(Material for the task begins)

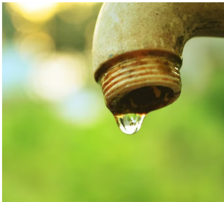
Las comunidades deben programar siembras y actividades con base en las predicciones climáticas.

Cerca de 260.000 hectáreas (ha) dentro de la frontera agrícola nacional podrían verse afectadas por exceso de agua
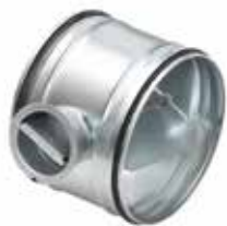
Registre RGP à joints

Le registre RGP permet d'équilibrer précisément un réseau circulaire. Les modèles à joints garantissent en plus un très faible taux de fuite.
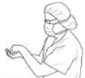
9 Zanurz opuszki palców lewej dłoni w preparacie, aby odkażić powierzchnię skóry pod paznokciami (5 sekund).
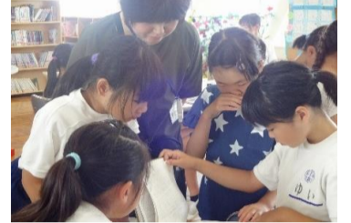
3-2 1からつくるだんご
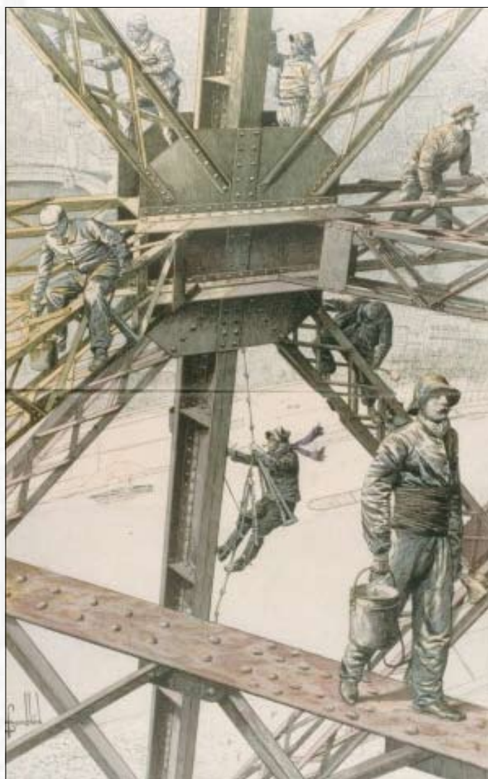
La peinture de la Tour Eiffel - À 230 mètres de hauteur
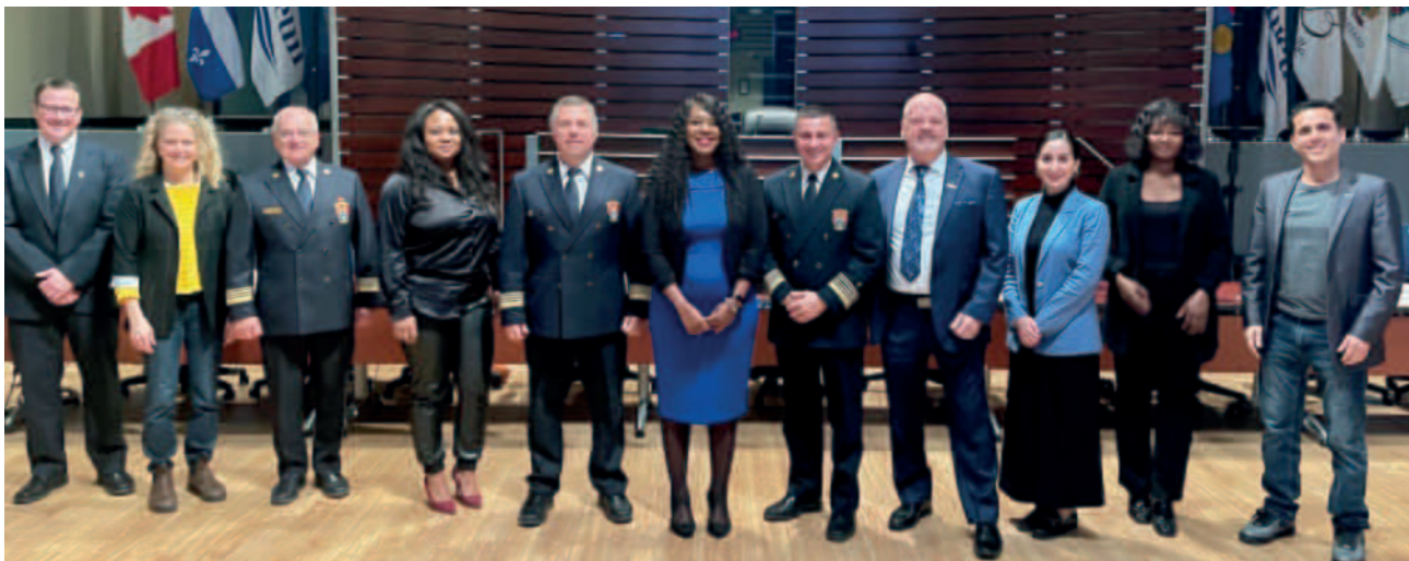
SCHÉMA DE COUVERTURE DE RISQUES INCENDIE 2023-2027

Le projet de Schéma de couverture de risques en incendie 2023-2027 a été présenté à la Commission de la sécurité publique (CSP) du 3 novembre dernier. Par la suite, la CSP a procédé à une consultation publique pour les citoyennes et citoyens de l'agglomération le 7 décembre, en conformité avec l'obligation légale de tenir une assemblée publique de consultation selon l'article 18 de la Loi sur la sécurité incendie .
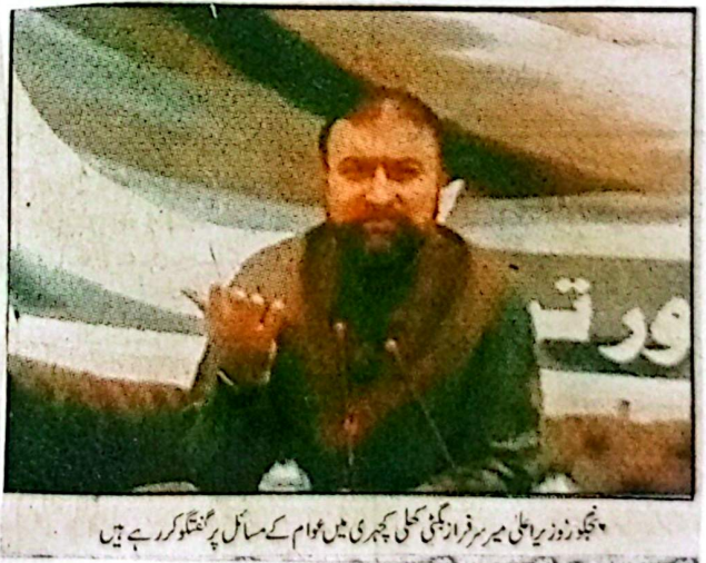
بلوچستان اسمبلی کے فورم پر منظور کی گئی مشترکہ قرارداد قابل تحسین ہے

کرتے ہوئے کہا کہ پارلیمانی فورم کی مشترکہ قرارداد قابل تحسین ہے، جو پاکستان کے سفارتی کردار اور قومی یکجہتی کی عکاسی کرتی ہے انہوں نے کہا کہ عالمی سطح پر کشیدگی کے دوران پاکستان نے متوازن اور دانشمندانہ سفارت کاری کا مظاہرہ کرتے ہوئے امن کے قیام میں اہم کردار ادا کیا۔ وزیر اعلیٰ کا کہنا تھا کہ وزیر اعظم شہباز شریف اور فیملیہ مارشل سید عاصم میر کی قیادت نے بروقت اور مع حکمت عملی کے ذریعے پاکستان کا مثبت تشخص مزید مستحکم کیا اور ملک کو عالمی برادری میں نمایاں مقام دلایا۔ انہوں نے مزید کہا کہ خطے میں کشیدگی کے باوجود پاکستان نے مہر، محنت اور امن پسندی کا عملی مظاہرہ کیا، جو مستقبل میں بھی عالمی امن کے فروغ میں اہم کردار ادا کرے گا۔ میر سرفراز بٹنی نے کہا کہ بلوچستان حکومت وفاق کے ساتھ مل کر امن، استحکام اور ترقی کے پیوند کو آگے بڑھاتی رہے گی
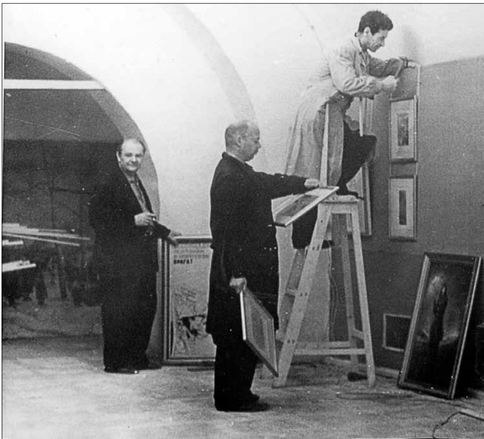
Монтаж экспозиции в музее «Новый Иерусалим» (ок. 1960 г.)
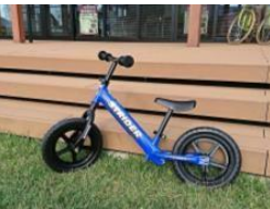
ランニングバイク
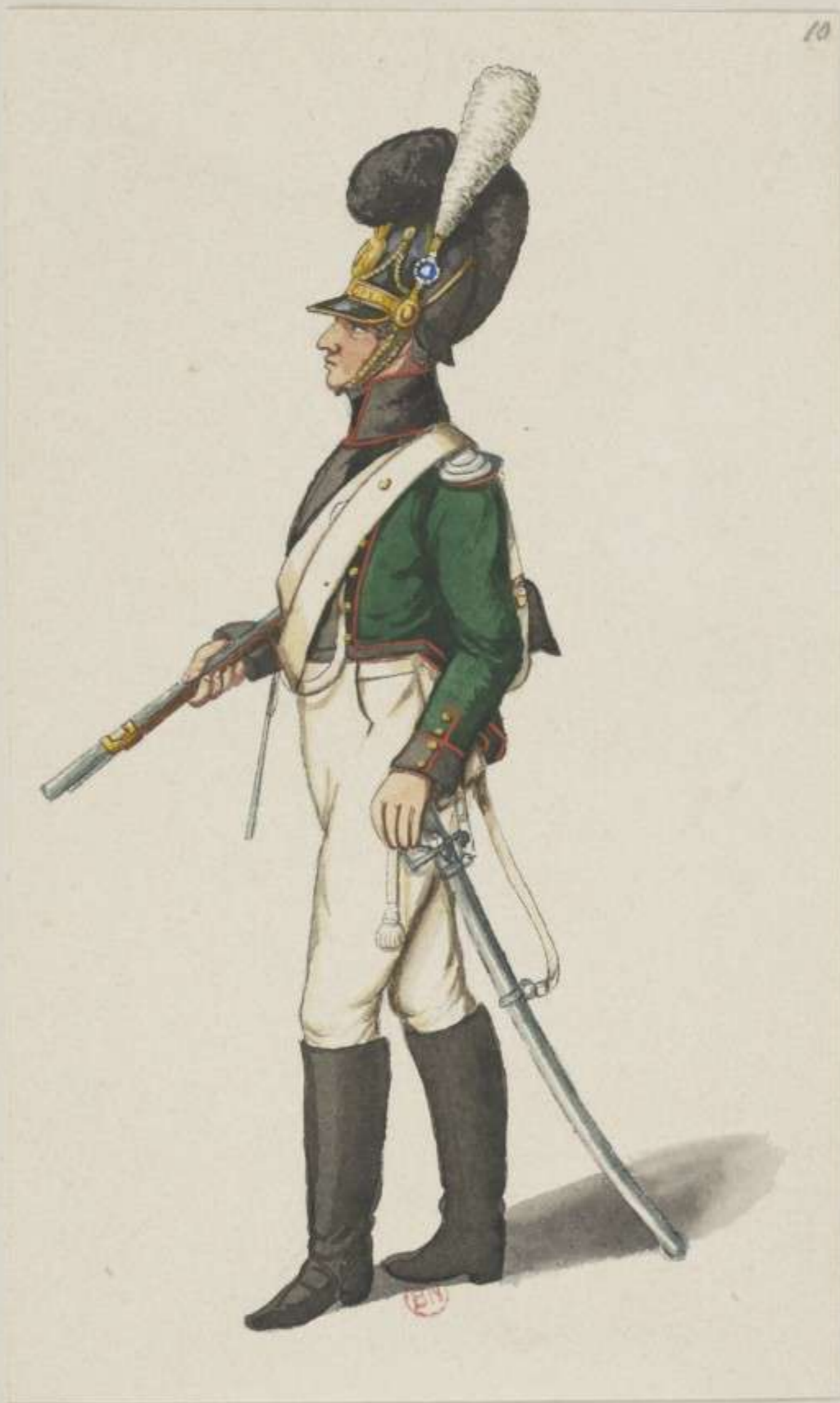
10 o - 3. Chevaulegers Regiment Kronprinz - 1811
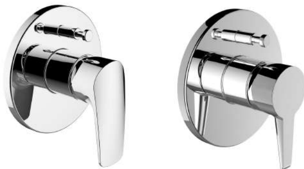
Laufen vrchní sada podomítkové vanové / sprchové baterie s přepínačem, chrom
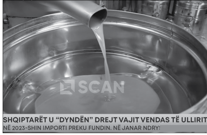
SHQIPTARËT U “DYNDËN” DREJT VAJIT VENDAS TË ULLIRIT NË 2023-SHIN IMPORTI PREKU FUNDIN. NË JANAR NDRY:

shërbimeve dhe akomodimit për shkak të bumit turistik, por edhe nga emigrantët që kanë përfituar për të bërë blerjet e nevojshme. Ndërsa një pjesë e mirë e sasisë së prodhuar u eksportua drejt Italisë, pas një marrëveshje të nënshkruar nga Ministria e Bujqësisë me au-
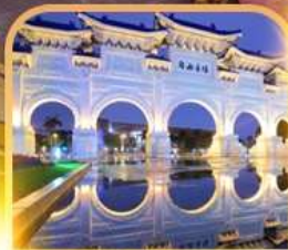
เจียงโคเซค
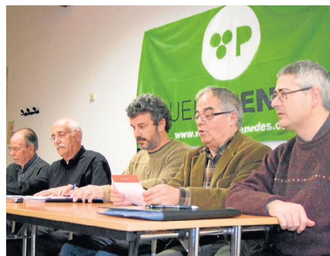
Membres de la permanent de la Plataforma aquest dimarts | 308
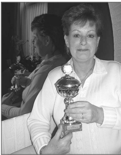
An met de wisselbeker

Deze prijs wordt toegekend door de Bewonersraad HaagWonen, die bestaat uit vertegenwoordigers van de bewonerscommissies. In de bewonerscommissie zitten allemaal vrijwilligers die voor advies, vragen en problemen bij de Bewonersraad HaagWonen terecht kunnen.
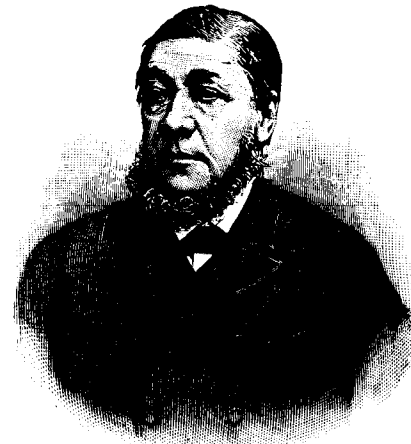
† Paul Krüger.

Să nu se simtă oare lipsa de a mai lumina aceasta împărăție a sufletului vecinic, de a mai plivi din acestea burueni, pe cari azi așa de puțini le bagă în samă? Să nu fim noi oare vrednici, ca să ne ridicăm odată pe înălțimea, de pe care să vedem limpede și să cunoaștem, cari sunt adevăratele noastre lipse și ajutoare , pe cei ce nu voesc binele, și pe cei ce voesc să trăească de pe spinarea noastră? Să nu fim oare vrednici, ca odată să nu mai stăm răci și nepăsători atunci când e vorbă de sufletul nostru, de fericirea noastră? Ar fi bine, nu-i vorbă să avem mai mult loc, să putem presăra totuși mai multe știri mai însemnate din țară și din străinătate. Am dori să ne rămână loc mai mult pentru »foiță«, dar cu spațiu, de care dispunem acum, facem cum numai se poate. Dela sprijinul, ce ni s'ar da,
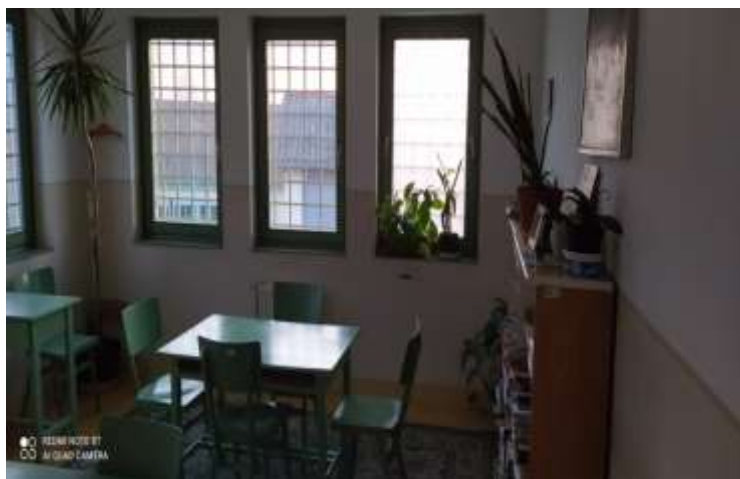
II/7. Közös helyiség
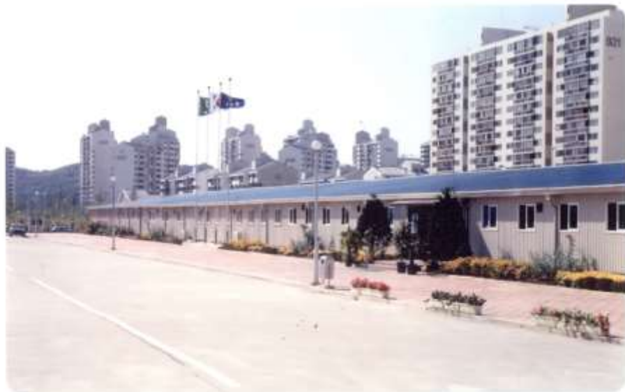
1988. 양천구청 옛 청사
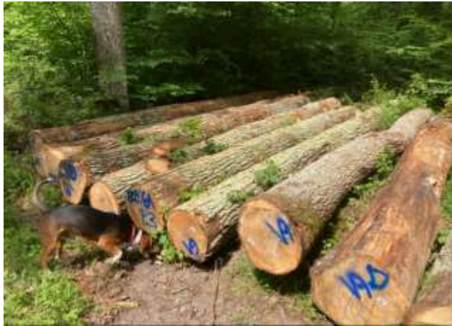
schwaches Eichenstammholz aus Durchforstungen für Kanthölzer und Parkett

entsprechend gehandelt wird. Die Sägewerksbranche leidet jedoch auch unter den enorm gestiegenen Energiepreisen, im speziellen, den Strompreisen. Produktion und vor allem Trocknung der Schnitthölzer sind sehr Strom intensiv. Insgesamt ist die Situation daher im Buchen-Schnittholzmarkt von viel Unsicherheit geprägt. Das bedeutet für den Buchen-Stammholzverkauf genau auf Marktstörungen zu achten und entsprechend zu reagieren. Eiche und Esche sind nach wie vor und auch mit Preissteigerungen von ca. 20 % am Markt stark nachgefragt.
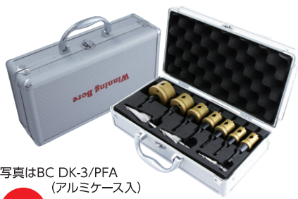
写真はBC DK-3/PFA (アルミケース入)
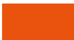
arancio puro ral 2004
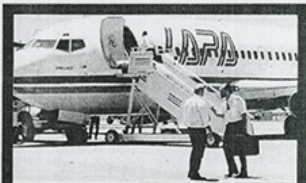
"Whisky Romeo Zulu" (Alta Films, agosto)
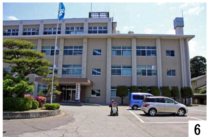
正面入り口に向かっていきます。
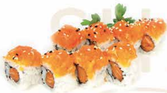
401. Salmon roll (salmone all'interno, guarnito da fette di salmone e salsa teriyaki) 8 pz allergeni: 1,4,6,11
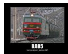
500К гет Двача

(Material for the task ends)

- What you are asked to do -
Above are the records. Copy every line in them holding "joints".

- Solution to this task -
Registre RGP à joints
Le registre RGP permet d'équilibrer précisément un réseau circulaire. Les modèles à joints garantissent en plus un très faible taux de fuite.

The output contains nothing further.